This post is a part of the DP-700: Implementing Data Engineering Solutions Using Microsoft Fabric Exam Prep Hub.
This topic falls under these sections:
Ingest and transform data (30–35%)
--> Design and implement loading patterns
--> Design and implement full and incremental data loads
Note that there are 10 practice questions (with answers) at the end of each section to help you solidify your knowledge of the material. Also, there are 2 practice tests with 60 questions each available from the hub's main page below the exam topics section.
Introduction
One of the most important responsibilities of a data engineer is moving data efficiently from source systems into analytical platforms. As data volumes grow, loading strategies become critical for performance, scalability, cost management, and data freshness.
In Microsoft Fabric, data engineers frequently design and implement two primary loading patterns:
- Full Loads
- Incremental Loads
Understanding when and how to use each approach is a core skill measured in the DP-700 exam.
For the exam, you should understand:
- The differences between full and incremental loading
- Advantages and disadvantages of each approach
- Change detection techniques
- Watermarking strategies
- Merge and upsert operations
- Loading patterns in Lakehouses and Warehouses
- Performance considerations
- Common implementation methods using Dataflows Gen2, Pipelines, Notebooks, and SQL
Many DP-700 scenario questions focus on selecting the most appropriate loading strategy for a given business requirement.
Understanding Data Loading Patterns
A data load is the process of moving data from a source system into a destination such as:
- Lakehouse
- Data Warehouse
- Delta Table
- Analytical Model
The loading strategy determines how data is transferred.

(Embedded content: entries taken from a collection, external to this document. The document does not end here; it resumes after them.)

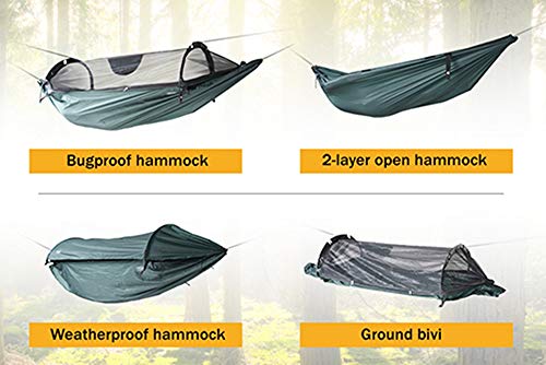 寝心地抜群のハンモックテント11つ目はDDハンモックの「スーパーライトジャングルハンモック」です。DDハンモックが持つ技術をつぎ込んで作られた超ハイスペックなハンモックテントで快適な寝心地からテント空間まで最高に過ごしやすいテント生活を提供してくれるアイテムとなっています。このモデルの蚊帳は取り外し可能で防水シートになっているのでテントの上や下に付けることもできます。また、蚊帳部分にはポールを入れることで自立するので木がない場所でも地面において簡易テントしても設営可能です。
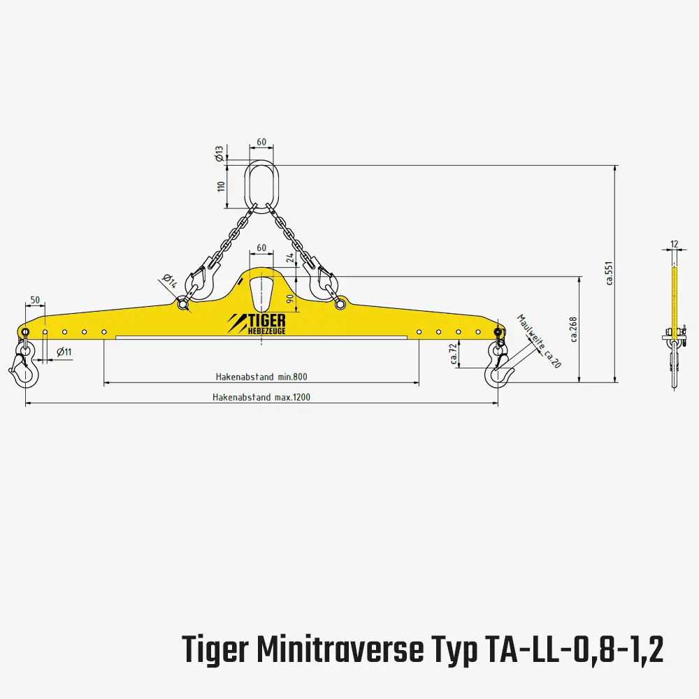 - Tiger Mini-Balkentraverse TA-LL inkl. Krankette, Schäkel und Lasthaken
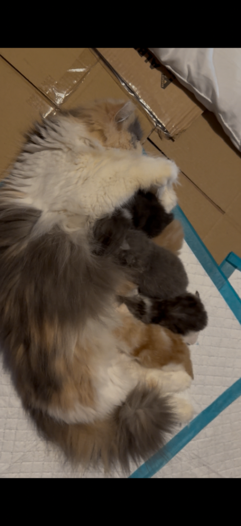 Kittens are all super healthy and taking lots of milk from mum 😊 All weighing a quarter of a kg at time of posting and packing on the weight nicely.
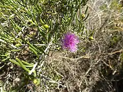 Melaleuca filifolia, commonly called wiry honey-myrtle,[2] is a plant in the myrtle family Myrtaceae, and is endemic to the south-west of Western Australia. It is a woody, twiggy shrub with needle-shaped leaves, greenish flower buds, pink "pom-pom" flower heads and spherical clusters of fruits.
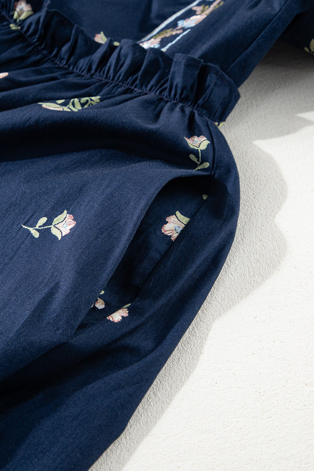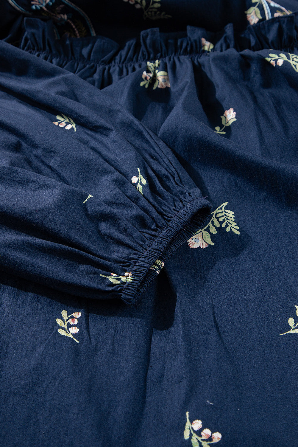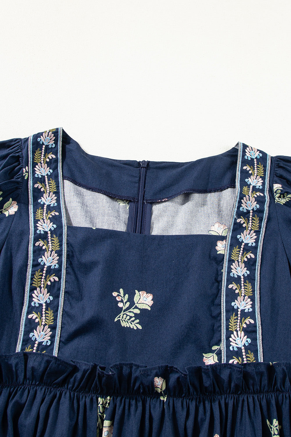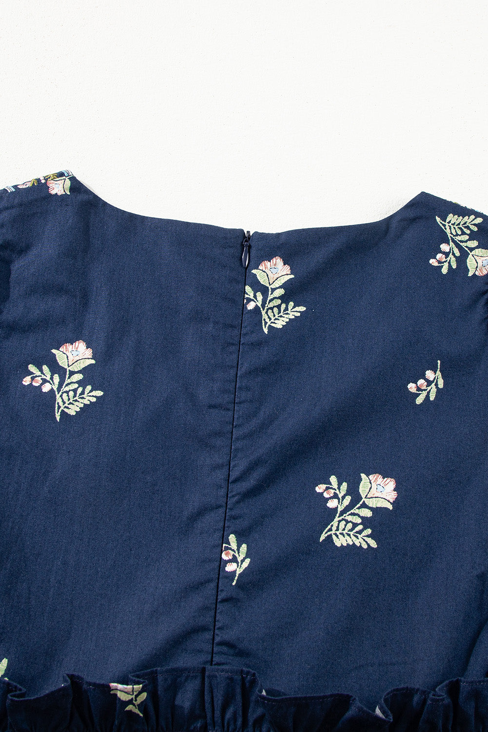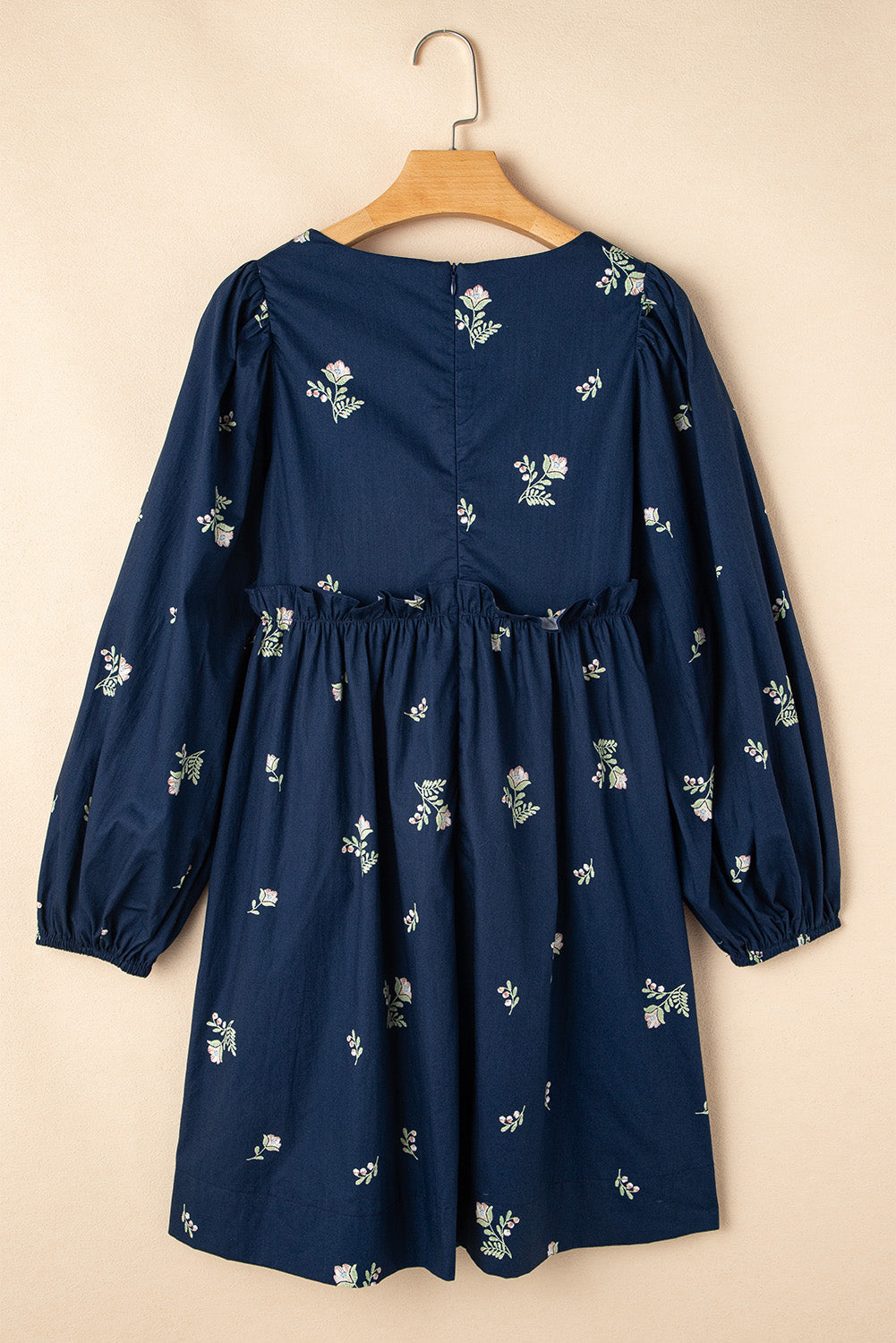 Blue Floral Embroidered Puff Sleeve Babydoll Dress

The two most common strategies are:
Full LoadIncremental Load
What Is a Full Load?
A full load reloads all records from the source into the destination every time the process runs.
Example:
Source Table:
| CustomerID | Name |
|---|---|
| 1 | Smith |
| 2 | Jones |
| 3 | Brown |
Every execution loads all three records regardless of whether changes occurred.
Full Load Process
Source Data ↓Delete Existing Data ↓Reload Entire Dataset ↓Destination Table
Some implementations truncate the destination before reloading.
Full Load Characteristics
Loads All Records
Every execution processes the entire dataset.
Simple Logic
No need to identify changed records.
Easy Troubleshooting
The destination always reflects a complete source snapshot.
Higher Resource Consumption
Processing time grows as data volume increases.
Advantages of Full Loads
Simplicity
The implementation is straightforward.
Reduced Change Tracking Requirements
No need for timestamps or change detection.
Easier Validation
Source and destination can be directly compared.
Useful for Small Datasets
When data volume is low, the overhead is minimal.

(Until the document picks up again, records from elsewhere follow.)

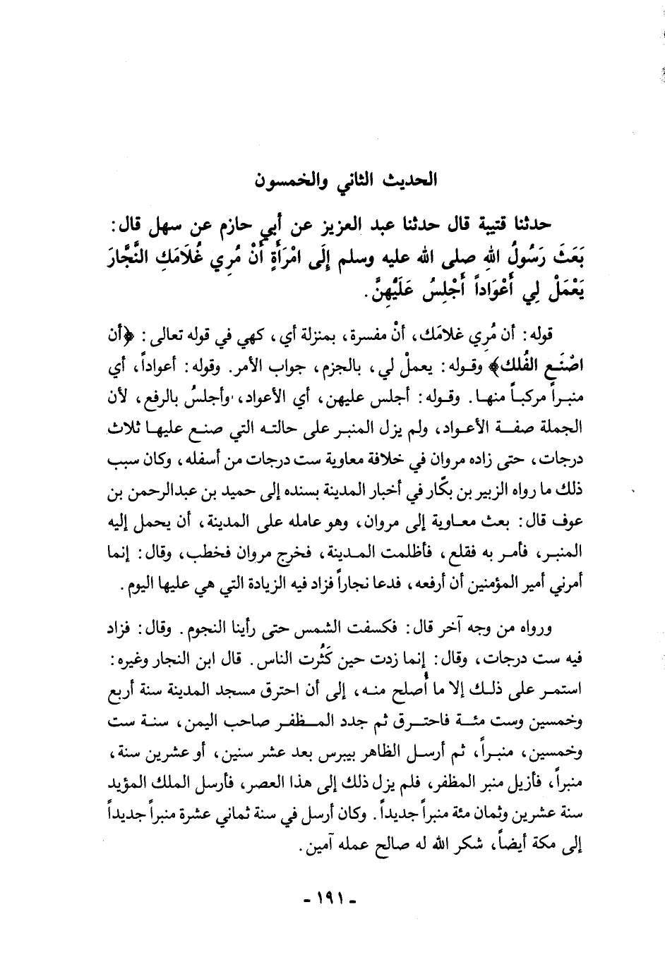 ورواه من وجه آخر قال: فكسفت الشمس حتى رأينا النجوم. وقال: فزاد فيه ست درجات، وقال: إنما زدت حين كَثُرت الناس. قال ابن النجار وغيره: استمر على ذلك إلا ما أُصلح منه، إلى أن احترق مسجد المدينة سنة أربع وخمسين وست مئة فاحترق ثم جدد المظفر صاحب اليمن، سنة ست وخمسين، منبرًا، ثم أرسل الظاهر بيبرس بعد عشر سنين، أو عشرين سنة، منبرًا، فأزيل منبر المظفر، فلم يزل ذلك إلى هذا العصر، فأرسل الملك المؤيد سنة عشرين وثمان مئة منبرًا جديدًا. وكان أرسل في سنة ثماني عشرة منبرًا جديدًا إلى مكة أيضًا، شكر الله له صالح عمله آمين.
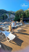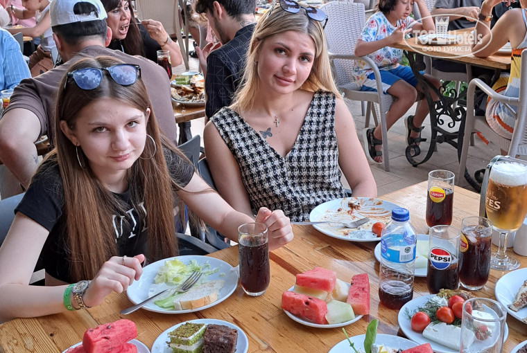 Были на отдыхе с 28 августа по 7 сентября. Изначально как то, судя по отзывам, было не по себе. Но решили все таки взять тур. И не разочаровались! Ехали часа 2 до него. Сначала на автобусе, потом нас пересадили на маршрутку. Прилетели утром, в отель прибыли в районе 11 часов. Заселились после 14.00. Номер семейный, на 6 этаже. Просторный, вид , конечно, с балкона обалденный! Отель самый последний, поэтому виды сказочные, мне, кстати, очень понравилось, что не в самом центре, в город можно как и пешком, так и на маршрутке, которые ходят очень часто, проезд 40 лир. Анимации нет, что нам только +. Были по вечерам небольшие мероприятия, через день, часов до 11. Номер убрали 1 раз, но да ладно, мусор сами выставляли, но мы даже не переживали по этому поводу. Ходили в спа, забыла только имя массажиста, кстати, советую сходить, нам очень понравилось. Еда- все вкусно, фрукты постоянно- яблоки, апельсины, арбуз, дыня, сливы. Мясо, рыба , всякие блюда, очень вкусное все, единственное, сладости как то одни и те же, тортики всякие, булочек не было. Завтрак- омлет, яичница- повар молодец, весёлый всегда. Алкоголь джин, вино, пиво, может еще что, не знаю. Ребята - официанты, и остальные работники- молодцы!! Видно, очень стараются, приветливые, респект им! Пляж- 2 шага, и ты там, лежаков всегда хватало, море тёплое, супер! В бассейн не ходила, только девчонки бегали, с горки катались. Туалеты возле пляжа всегда чистые, убраны. Вообщем, вернёмся ли снова туда- однозначно Да!!! Езжайте, не пожалеете.
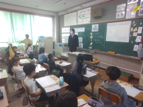 本日は2年生の研究授業でした。算数の図形の単元のはじめでした。1年生の図形の学習を思い出しながら,手元にある形を並べ変えながら,形作りをしました。形を組み合わせたあと,それぞれの形の特徴を見ながら仲間分けをしました。「直線」「かど」など言葉に注目しながら仲間分けをして,お互いに説明し合っていました。
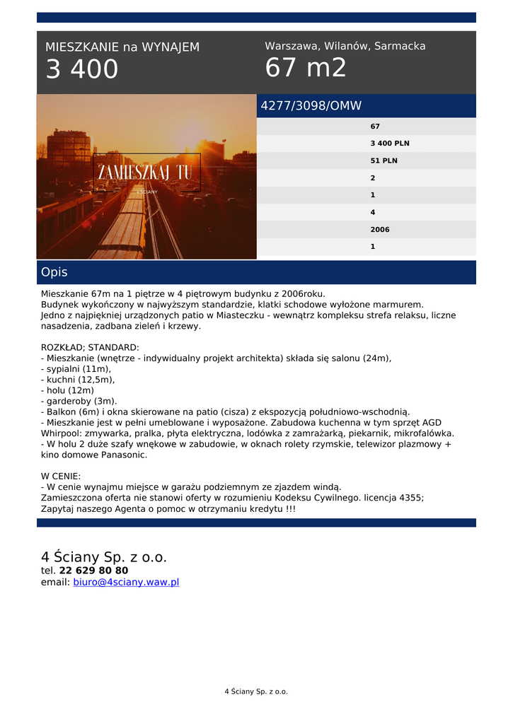 MIESZKANIE na WYNAJEM 3 400 Warszawa, Wilanów, Sarmacka 67 m2 4277/3098/OMW 67 3 400 PLN 51 PLN 2 1 4 2006 1 Opis Mieszkanie 67m na 1 piętrze w 4 piętrowym budynku z 2006roku. Budynek wykończony w najwyższym standardzie, klatki schodowe wyłożone marmurem. Jedno z najpiękniej urządzonych patio w Miasteczku - wewnątrz kompleksu strefa relaksu, liczne nasadzenia, zadbana zieleń i krzewy. ROZKŁAD; STANDARD: - Mieszkanie (wnętrze - indywidualny projekt architekta) składa się salonu (24m), - sypialni (11m), - kuchni (12,5m), - holu (12m) - garderoby (3m). - Balkon (6m) i okna skierowane na patio (cisza) z ekspozycją południowo-wschodnią. - Mieszkanie jest w pełni umeblowane i wyposażone. Zabudowa kuchenna w tym sprzęt AGD Whirpool: zmywarka, pralka, płyta elektryczna, lodówka z zamrażarką, piekarnik, mikrofalówka. - W holu 2 duże szafy wnękowe w zabudowie, w oknach rolety rzymskie, telewizor plazmowy + kino domowe Panasonic. W CENIE: - W cenie wynajmu miejsce w garażu podziemnym ze zjazdem windą. Zamieszczona oferta nie stanowi oferty w rozumieniu Kodeksu Cywilnego. licencja 4355; Zapytaj naszego Agenta o pomoc w otrzymaniu kredytu !!! 4 Ściany Sp. z o.o. tel. 22 629 80 80 email: [email protected] 4 Ściany Sp. z o.o. Powered by TCPDF (www.tcpdf.org)
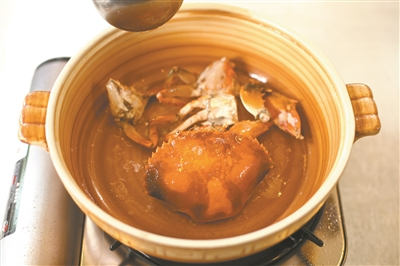 师傅说,海南有四大宝,一是产于万宁市和乐镇一带海中的海南和乐蟹,其膏满肉肥非常,为其他蟹种罕见,特别是其脂膏,金黄油亮,犹如咸蛋黄,香味扑鼻。一只和乐蟹足足有半斤重,从食材的筛选到食物的烹饪手法,师傅将蟹膏的鲜味融汇到和乐蟹粥中,平凡中方显细节。先用海南花生油洗锅,蟹切件后放入炒制,逼出蟹香味。炒好的蟹,与鸡汤、事先熬好的粥底一同在砂煲中煲到入味。
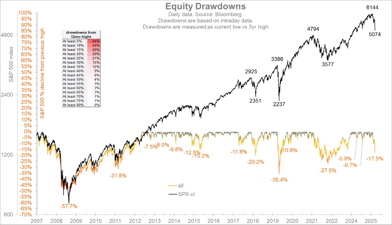 The S&P 500 is down 18% from its high and it has done so in short order. Declines of this magnitude happen every few years. The last one was in 2022 (-28%), the one before that was in 2020 (-35%) and the one before that in 2018 (-20%). So, this happens every few years, and the market always recovers, often quickly and sometimes slowly.

Disadvantages of Full Loads
Longer Processing Times
Large datasets take longer to reload.
Increased Compute Costs
More resources are consumed.
Greater Network Utilization
All records must be transferred.
Limited Scalability
May become impractical as data volumes grow.
Common Full Load Scenarios
Small Reference Tables
Examples:
- Countries
- Product Categories
- Currency Codes
Initial Data Loads
The first load into a new Lakehouse or Warehouse is typically a full load.
Periodic Snapshot Tables
Some reporting systems intentionally capture full snapshots.

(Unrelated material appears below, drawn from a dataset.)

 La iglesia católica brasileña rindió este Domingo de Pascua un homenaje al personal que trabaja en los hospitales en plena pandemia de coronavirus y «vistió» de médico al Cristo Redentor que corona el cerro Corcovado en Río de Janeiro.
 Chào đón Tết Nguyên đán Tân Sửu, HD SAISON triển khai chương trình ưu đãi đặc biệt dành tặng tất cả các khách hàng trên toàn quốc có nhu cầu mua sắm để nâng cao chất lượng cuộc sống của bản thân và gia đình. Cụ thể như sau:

What Is an Incremental Load?
An incremental load transfers only data that has changed since the previous execution.
Instead of processing millions of records, only new or modified records are loaded.
Incremental Load Process
Source Data ↓Identify Changes ↓Load New/Changed Records ↓Update Destination
Incremental Load Characteristics
Processes Only Changes
Only inserts, updates, and sometimes deletes are handled.
Faster Execution
Smaller data volumes are processed.
Lower Costs
Reduced compute and storage consumption.
Greater Complexity
Requires change detection mechanisms.
Advantages of Incremental Loads
Better Performance
Only changed records are processed.
Lower Resource Usage
Reduces compute requirements.
Improved Scalability
Handles large datasets efficiently.
Faster Refresh Times
Supports more frequent data updates.
Disadvantages of Incremental Loads
More Complex Design
Must accurately identify changes.
Requires Metadata
Change tracking information is often needed.
Potential Data Quality Risks
Missed changes can lead to inconsistent results.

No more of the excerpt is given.